All Hazel could see in her present circumstances was something else entirely. She saw the supernatural power of the body of Christ and what it manages to do when it mobilizes. She calls it “stunning.”
The New Normal
Everything Dan has taught others over the last 30 years of ministry, he is now demonstrating by example. God, for whatever reason, has not chosen to put him back together the way he was before August 16, 2015. But his gifts are still there. The same creative mind, extraordinary communication skills, wise insight, and quick wit shine as brightly as ever. He can still tell a story that makes this writer laugh!
Assistive technology has kept him writing, speaking, and helping others unlock potential talents they don’t see in themselves. He is just as much a “turnaround guy” as he ever was—just maybe a little more amazing because of his own continuing personal “turnaround” story.
His joy is still there. His faith in the Lord is still there. And there is a notable lack of bitterness over the injury that has so altered life for him and for those he loves. He sees this part of his journey with a surprising sense of gratitude when he says, “There are moments that I get really overwhelmed that God can trust me with this {disability}. As I look ahead I struggle emotionally, but I don’t feel depressed.”

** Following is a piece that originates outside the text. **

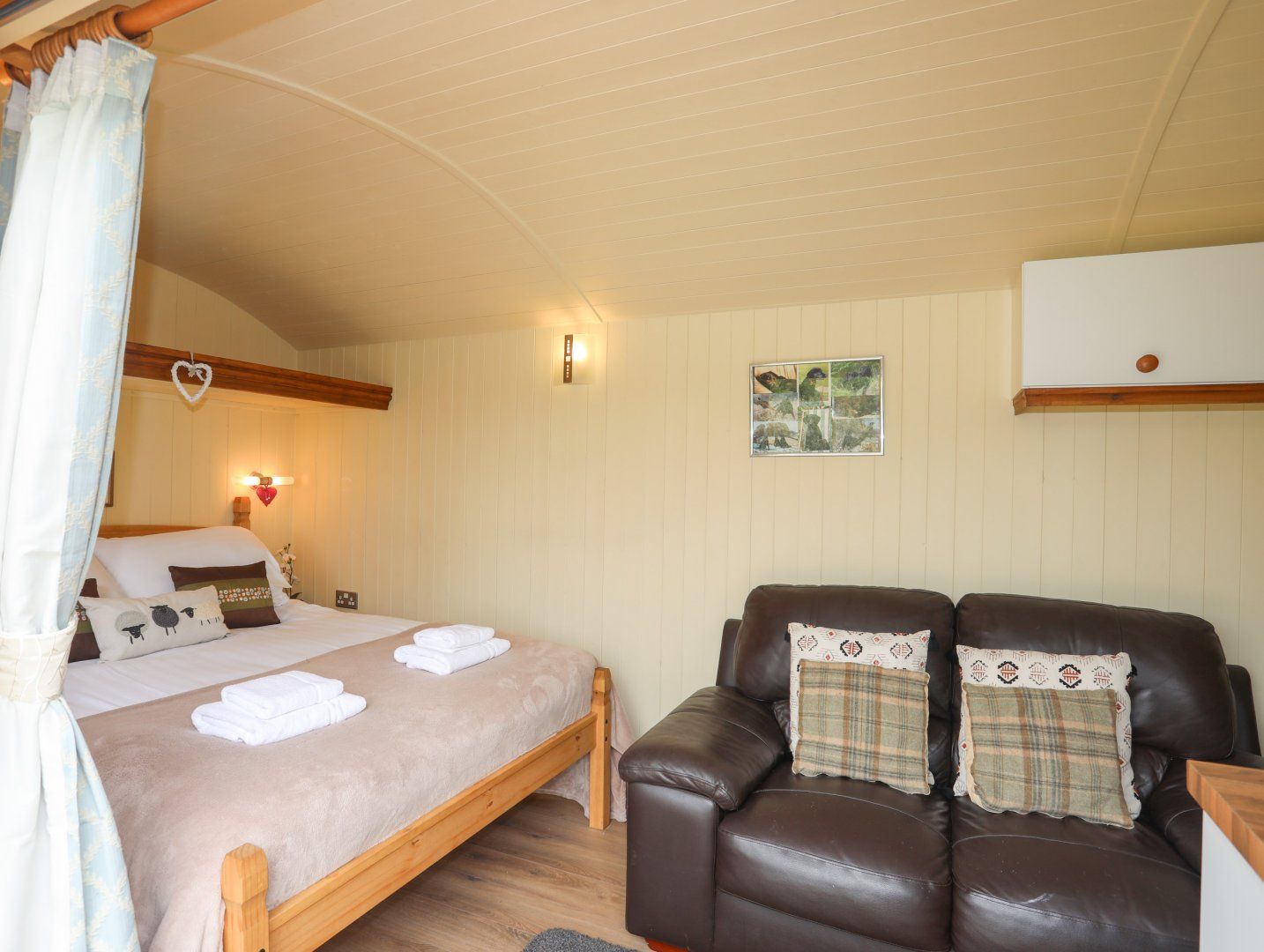Holiday home Llety'r Bugail is a charming shepherd's hut resting in Llanrug, Wales on Cil y Bont Caravan Park. Hosting one double bed within the open-plan living space which also includes a kitchen and sitting area, along with a cloakroom with a chemical WC, this property can sleep up to two guests. There is also a private decked terrace with a table and chairs, barbecue and secure bike storage, along with off-road parking. Llety'r Bugail is a perfect retreat for two in North Wales. Note: Check-in from 4pm and check-out by 10am. Note: The toilets and showers are in a shared separate block and the showers require £1 coins, £1 provides 3 minutes of hot water.

For the time being he is teaching on Sunday morning at Livingston Fellowship in Livingston. Catch him one Sunday morning soon. The service starts at 10:30 a.m. and you can always walk across the parking lot afterward and grab Sunday lunch at the restaurant, The Gathering. (The fried chicken is better than your grandmother’s!)
Dan is working on a couple of books—one on his story and one on generosity, which is another core message he has taught and lived for all his years. He and Hazel long ago decided to give well beyond a 10% tithe. I asked him if even once during the last two years he had wished he had held more back for this rainy day.
His answer really didn’t shock me. He said, “It has never entered my head. Generosity is the most freeing way to live. Having doesn’t solve anything. We’re made to be conduits. We carry God’s image at no other time as clearly as when we give.”
That is not going to change—not now and not ever.